Reovirus nonstructural protein mu NS recruits viral core surface proteins and entering core particles to factory-like inclusions

Teresa J Broering  1 Jonghwa KimCathy L MillerCaroline D S PiggottJason B DinosoMax L NibertJohn S L Parker
Affiliations

Reovirus nonstructural protein mu NS recruits viral core surface proteins and entering core particles to factory-like inclusions (V体育官网)

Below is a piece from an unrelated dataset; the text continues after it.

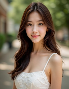 HDR photo, High dynamic range, vivid, rich details, clear shadows and highlights, realistic, intense, enhanced contrast, highly detailed, outdoors, 1girl, solo, realistic, brown hair, looking at viewer, dress, long hair, smile, white dress, brown eyes, photorealistic, blurry background, upper body, lips, blurry, sleeveless, breasts
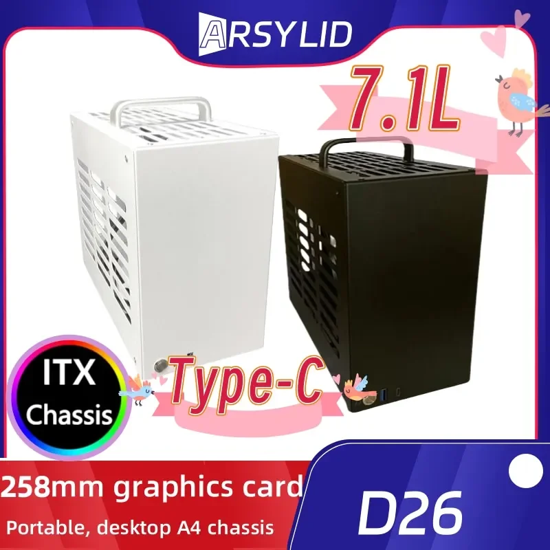 Comprar Placa base de chasis D26 A4, Mini ordenador de juego ITX, soporte de radiador de 50mm, tarjeta gráfica de 258mm, funda I7 de 17x19cm

Teresa J Broering et al. J Virol. 2004 Feb.

V体育官网入口 - Abstract

Mammalian reoviruses are thought to assemble and replicate within cytoplasmic, nonmembranous structures called viral factories. The viral nonstructural protein mu NS forms factory-like globular inclusions when expressed in the absence of other viral proteins and binds to the surfaces of the viral core particles in vitro. Given these previous observations, we hypothesized that one or more of the core surface proteins may be recruited to viral factories through specific associations with mu NS. We found that all three of these proteins--lambda 1, lambda 2, and sigma 2--localized to factories in infected cells but were diffusely distributed through the cytoplasm and nucleus when each was separately expressed in the absence of other viral proteins. When separately coexpressed with mu NS, on the other hand, each core surface protein colocalized with mu NS in globular inclusions, supporting the initial hypothesis VSports手机版. We also found that lambda 1, lambda 2, and sigma 2 each localized to filamentous inclusions formed upon the coexpression of mu NS and mu 2, a structurally minor core protein that associates with microtubules. The first 40 residues of mu NS, which are required for association with mu 2 and the RNA-binding nonstructural protein sigma NS, were not required for association with any of the three core surface proteins. When coexpressed with mu 2 in the absence of mu NS, each of the core surface proteins was diffusely distributed and displayed only sporadic, weak associations with mu 2 on filaments. Many of the core particles that entered the cytoplasm of cycloheximide-treated cells following entry and partial uncoating were recruited to inclusions of mu NS that had been preformed in those cells, providing evidence that mu NS can bind to the surfaces of cores in vivo. These findings expand a model for how viral and cellular components are recruited to the viral factories in infected cells and provide further evidence for the central but distinct roles of viral proteins mu NS and mu 2 in this process. .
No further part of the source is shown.